Lorsque je me suis déplacé à l’Université d’Harvard aux Etats-Unis pour présenter le projet, le sociologue américain William Julius Wilson m’avait dit : « Si vous comprenez pourquoi certaines personnes ne viennent pas au projet, ou pourquoi certains territoires ne viennent pas au projet, alors il grandira. » Tout était dit dans cette phrase si simple et dans ce pragmatisme propre aux américains. Vous l’avez bien compris, l’exhaustivité n’a pas besoin d’adjectif pour être définie. Elle signifie la volonté de ne laisser personne au bord du chemin. C’est cela le sens du droit à l’emploi pour tous. Une entreprise à but d’emploi est porteuse de cette espérance, sinon c’est une entreprise sans but d’emploi.

La deuxième étape de l'expérimentation qui se dessine aura donc un rôle central dans cet objectif. Il s’agira bien de démontrer que l’exhaustivité est atteignable dans tous les types de territoires, et si ce n’est pas le cas, d’en comprendre les raisons pour dessiner de nouvelles solutions adaptées aux problématiques rencontrées. Une EBE n'est pas capable d'accueillir tout le monde ? Alors, il faut en créer une deuxième. Un comité local n'est pas en capacité d'accueilir chacun pour s'exprimer, alors il faut créer un nouvel espace de dialogue. Ce projet est une dynamique et non un enlisement. Il grandit par correction permanente, sur un mode itératif et apprenant. 

En ce sens, l’exhaustivité est, je crois, indissociable de l’altérité. Il faut faire « avec » les personnes et non pas seulement « pour » les personnes comme le promeut régulièrement ATD Quart Monde dans ses projets de lutte contre la pauveté. Il ne s’agit aucunement d’un dispositif mais bien d’un projet de transformation. Chacun doit pouvoir s’exprimer à toutes ses échelles. Cela signifie en particulier qu’un des enjeux de cette deuxième étape sera l’expression des personnes privées durablement d’emploi dans les comités locaux, dans le suivi et la réalisation du projet, et des salariés des EBE acteurs centraux des organisations dans le dialogue social.

Il faudra ouvrir grandes les portes et les fenêtres de l’expérimentation, et pas seulement celles des EBE, pour que des agoras citoyennes puissent se tenir régulièrement dans les territoires afin que chacun puisse s’exprimer, en dehors des organisations, et ainsi vérifier qu’il y a bien une place pour tous dans le projet.

Tout ne doit pas devenir process, ou rationalité.

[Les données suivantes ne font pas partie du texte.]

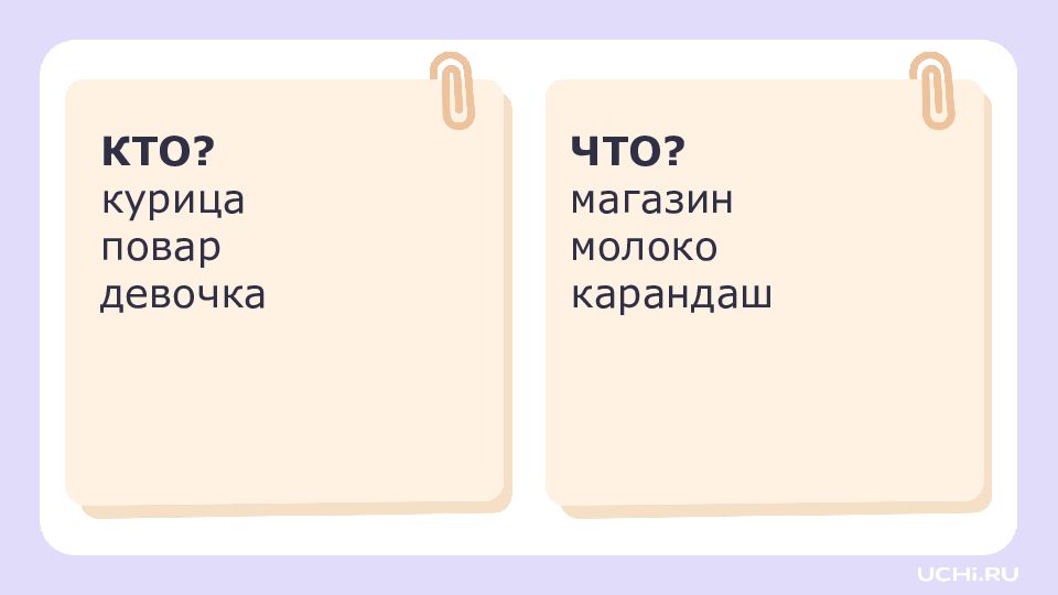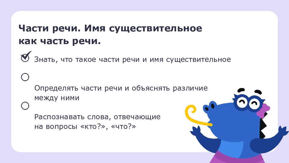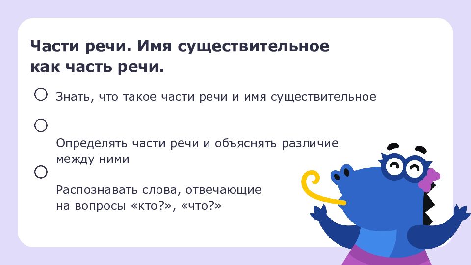 Части речи. Имя существительное как часть речи. Знать, что такое части речи и имя существительное Определять части речи и объяснять различие между ними Распознавать слова, отвечающие на вопросы «кто?», «что?»

Car rapidement des rapports de domination peuvent s’installer. Alain Supiot nous invite collectivement à ne pas choisir « la gouvernance par les nombres » dans  les organisations multiples. Aux rapports de domination, intrinsèques à toutes les organisations qui peuvent tendre vers les dérives bureaucratiques dénoncées par Michel Crozier, doivent être opposés des rapports de réappropriation : c’est un pouvoir de dialoguer et c’est un pouvoir d’agir.

Les personnes qui sont aujourd’hui les plus pauvres auront toujours leur place dans « Territoires zéro chômeur de longue durée » car s’adresser à ceux qui peuvent paraître aux marges, c’est d’abord s’adresser au cœur de la société. C'est lutter contre les représentations négatives, la force des préjugés, et la stigmatisation. Un territoire, c'est la rencontre entre la nature et une culture. Pour faire reculer la force des préjugés, il faut donc commencer par la culture, cette forme d'impertinence.

C’est je crois une des clés des futurs possibles pour réaliser le droit à l’emploi pour tous.